Machado compreendeu o que os filósofos morais raramente entendem: que a vida não se constrói sobre verdades, mas sobre reconciliações imperfeitas. O homem maduro não é aquele que descobre quem é, mas o que perdeu — e ainda assim continua a viver.
No fundo, o romance é uma parábola sobre o perigo da autoconsciência. A obsessão com a coerência, a necessidade de pureza, a ânsia por uma narrativa total — tudo isso é a própria forma moderna da loucura. A sabedoria está em suportar o fragmento, em aceitar que o eu é uma colagem de papéis contraditórios.

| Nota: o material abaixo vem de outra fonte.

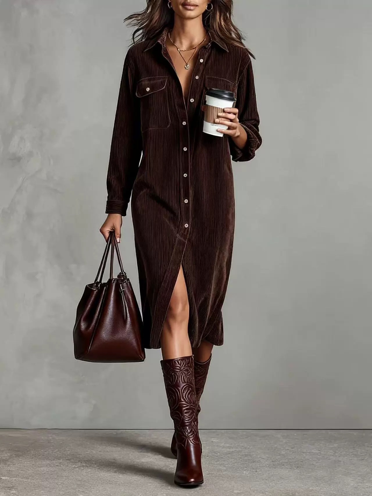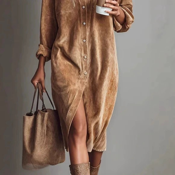 2025欧美跨境亚马逊独立站新款女士纯色灯芯绒翻领衬衣宽松连衣裙,批发价,价格:40,厂家直销,2025欧美跨境亚马逊独立站新款女士纯色灯芯绒翻领衬衣宽松连衣裙,免费拿样。

VI. O medo e a misericórdia
O ensaísta brasileiro teme chegar à velhice e ter de narrar sua vida como Bentinho, sem misericórdia. Esse medo é legítimo: ele é o medo da modernidade tardia, em que todos somos instados a justificar-nos diante de uma plateia invisível. Mas a misericórdia que falta a Bentinho — e talvez a nós — não é apenas pelos outros; é, sobretudo, pela própria falibilidade.
Ser moderno é viver num mundo sem tribunal divino, mas com uma consciência implacável. A única absolvição possível é a da ternura: reconhecer que a vida não se explica, apenas se recorda com compaixão.

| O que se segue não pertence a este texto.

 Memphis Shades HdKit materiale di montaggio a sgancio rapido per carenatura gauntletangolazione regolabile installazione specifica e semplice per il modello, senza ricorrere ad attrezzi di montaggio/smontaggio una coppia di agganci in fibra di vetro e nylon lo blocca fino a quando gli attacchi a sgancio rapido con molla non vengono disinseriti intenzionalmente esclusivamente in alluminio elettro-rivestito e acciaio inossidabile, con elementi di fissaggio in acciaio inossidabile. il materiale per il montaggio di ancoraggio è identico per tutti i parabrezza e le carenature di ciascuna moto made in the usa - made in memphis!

VII. Epílogo: o silêncio do eu
O verdadeiro horror de Dom Casmurro não está no adultério nem na dúvida, mas no silêncio final: “Falto eu mesmo.” Essa é a frase que resume a condição humana depois da morte de Deus e da dissolução do sujeito. O romance, que começa como ciúme e termina como confissão, é na verdade uma meditação sobre o desaparecimento do eu no espelho da memória.
Bentinho queria provar uma verdade; Machado nos mostrou uma ausência. E é essa ausência — esse espaço vazio entre o que fomos e o que contamos ser — que constitui, paradoxalmente, a nossa única realidade.
A lacuna é tudo. O resto é literatura.